Self Help Books that Should Be Used to Prepare for College

We all had to read that “classics” like Beowulf, The Odyssey, and Cyrano de Bergerac. But what real life lesson did you learn from The Canterbury Tales? Besides the fact that memorizing the what-the-hell-is-this-supposed-to-mean Prologue, to recite in front of your entire class, was impossible. How about some books that actually prepare you for college? Here are a few:

1984…..0? No wait, 7: How to Remember Your New Zip Code

Figuring out your new address can be tough! So many letters and numbers to remember! Use this simple guide full of pneumonic devices to help you remember where you live. Nothing shouts Freshman like not knowing your school zip code!

Frankenstein-Mart

Why spend a lot of money on new clothes and furniture? You need that precious dough for a fake ID and beer.

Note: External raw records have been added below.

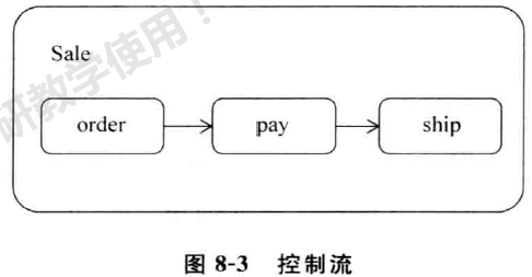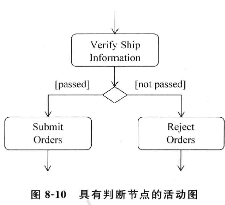 当活动边连接的是两个动作时,这种活动边称为控制流( Co nt ro l F low ) 。控制流一般发生在两种情况: 在活动边控制下,活动由一个动作直接转变为另一个动作时, 或者由一个动作经过一个逻辑判断条件转变为另一个动作时。表示控制流的活动边的箭头指明下一个动作,如图 8-3 所示。
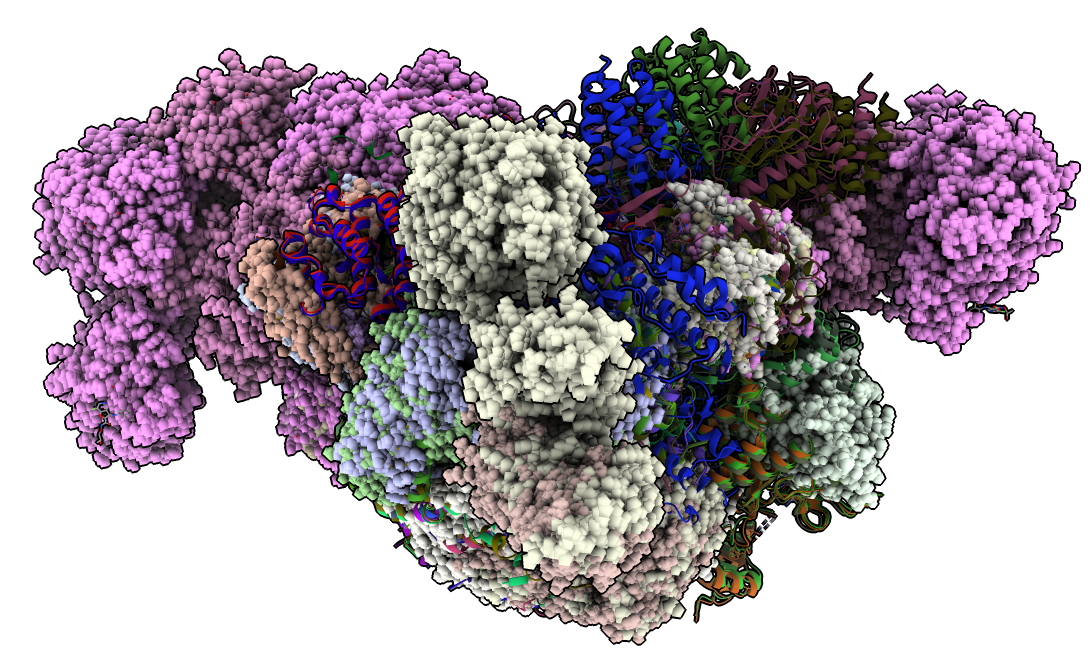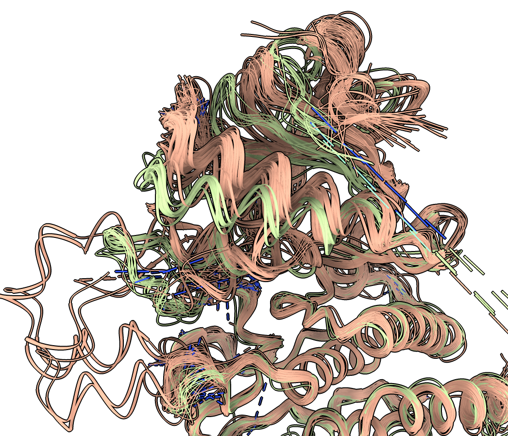 Note that in some places the colored ribbons follow separate paths. An important activation helix takes different paths in pink, light green and dark green clusters. The different colored ribbons also take different paths in other parts of the protein.
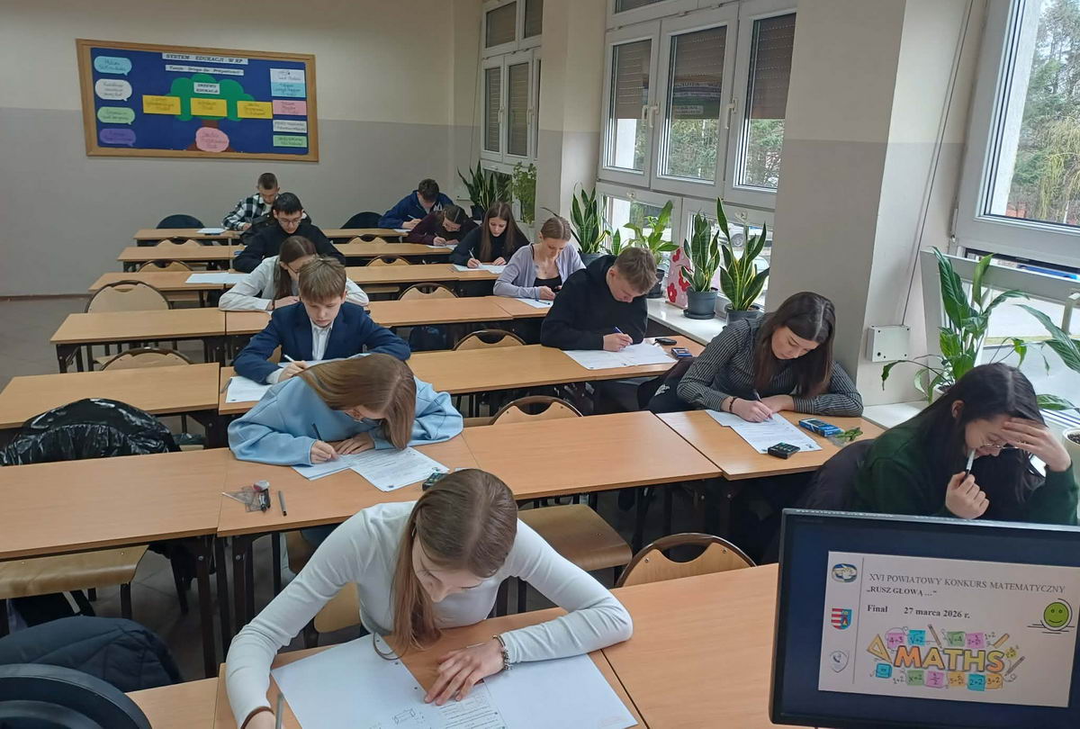 27 marca 2026 roku w gościnnych murach Naszej Szkoły odbył się finał XVI Powiatowego Konkursu Matematycznego „Rusz Głową…”. Organizatorem konkursu jest Zarząd Powiatowy Towarzystwa Przyjaciół Dzieci w Opocznie, Zespół Nauczycieli Matematyki w Zespole Szkół Powiatowych im. Stanisława Staszica w Opocznie oraz Powiat Opoczyński.

This helpful book will guide you in dumpster diving for electronics (that walkman with a broken ear phone was awesome!) and raiding the laundry room.

Of Mice and Minestrone: A Guide to Pest Control

So, you’ve ditched the dorm for a living situation that is a little more Frat-tastic, because your bros totally need you to be available 24/7. The thing about living in a frat house is that they can be a little messy. Unless you like having mice living in your favorite bag of cereal, you might want to clean up. Chicks don’t dig cockroaches man, and nothing is more annoying than some chick shrieking in fear every couple of minutes during Lost.

Chyme and Punishment

Ahhh the joys of binge drinking. One day you might gain an ounce of self control and realize your limits, but not yet my friend! Learn how to avoid vomiting (beer before liquor, never been sicker!) and get rid of that nasty hangover.

The House of Seven Tables: Beer Pong Table Construction

This is the ultimate how-to guide on scoring hot chicks! You think having seven or more beer pong tables is excessive? You are mistaken my friend! EVERYONE knows you need one table per home football game, plus a table or two with lights and a built-in waterfall to clean those dirty balls (what you do in the privacy of your own frat is up to you).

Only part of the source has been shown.